It is said that the various corporations of the country have employed and almost monopolized all of the best legal talent of the land. Be that as it may; no lawyer that is, or for the last ten years has been, employed by a corporation should ever be elected or appointed to a public office. Especially should they not be sent to Congress or state legislature.—Cass (Tex.) Sun.
Two insurance companies that have defied the state law requiring licenses and who have other charges laid at their doors have been taken into the civil courts by the State Insurance Department. It is to be hoped that they will not escape upon any technicality as they did in the criminal action. It’s time the insurance companies were made to understand that the laws, weak and incomplete as they are, must be enforced.—Cortez (Colo.) Journal.

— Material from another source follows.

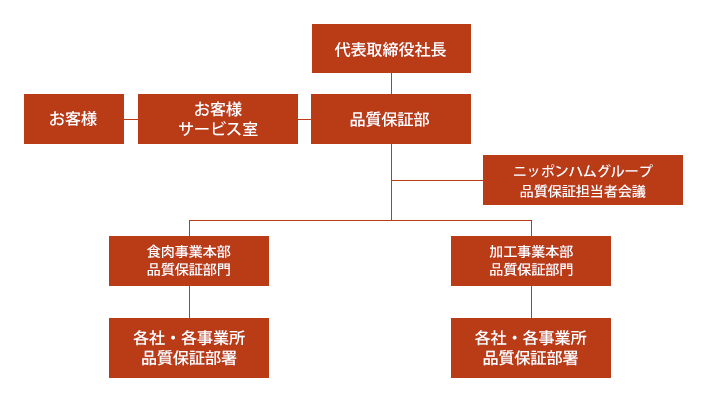ニッポンハムグループでは、グループ全体の品質保証戦略の立案や各種方針の策定・共有など、グループ全体を横断した品質保証活動を推進しています。
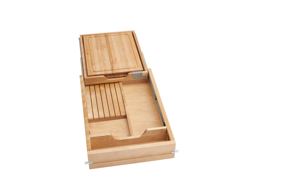 If you want a professional kitchen with a prep station, then look no further than the Rev-A-Shelf® combination knife holder and cutting board. The unique design has additional compartments for storing cutlery, utensils and more. Available in varying sizes for multiple cabinet applications, this complete drawer has you covered from preparation to serving. Drawer slides are not included and are sold separately.. Included: (1) Wood drawer, (1) Wood Cutting board

The year 1906 is an off year in politics. No National tickets will be in the field; but National issues will be emphasized and direction given to the next campaign. It will be well for us to look the field over and examine our bearings. For many years we have trusted the great political parties to make up the issues that we, by ballot, are to decide; but experience has taught us that political parties make up blind issues, in which the people are not interested. The great issue before the people of this Government today is the enforcement of the law. The great monopolies, who are law defying in their tendencies, must be compelled to obey the law. The law-defying elements that are moved by selfish motives alone, must be made to bend to the will of the people.—Lockwood (Mo.) Times.
Berlin, the capital of Germany, has solved the vexed sewage problem in a way that should commend itself to American cities, where we are away behind in the disposal of harmful and polluting refuse. The municipality of Berlin purchased thousands of acres of unproductive sand land near the city and fertilizing this with the sewage, raises big crops for the city’s benefit. Of course the plant is costly, but the proceeds of the farm repay all cost, besides a good profit.—The American Farmer.
The Citizen regrets very much the domestic infelicity which seems to exist under the roof of the Atlanta, Ga., News. It is unfortunate. Hon. John Temple Graves, as the Rome Tribune puts it, “is the Atlanta News.” We would not give a thrip of our finger for it without him. He is the life of it, and his brain and energy have made it. He has kept it free from furtherance of his political ambitions, and has made it these years the impartial commentator of men and affairs. The whole trouble is, no doubt, the result of corporate greed, and the desire on the part of certain influences to control its policy.—Dalton (Ga.) Citizen.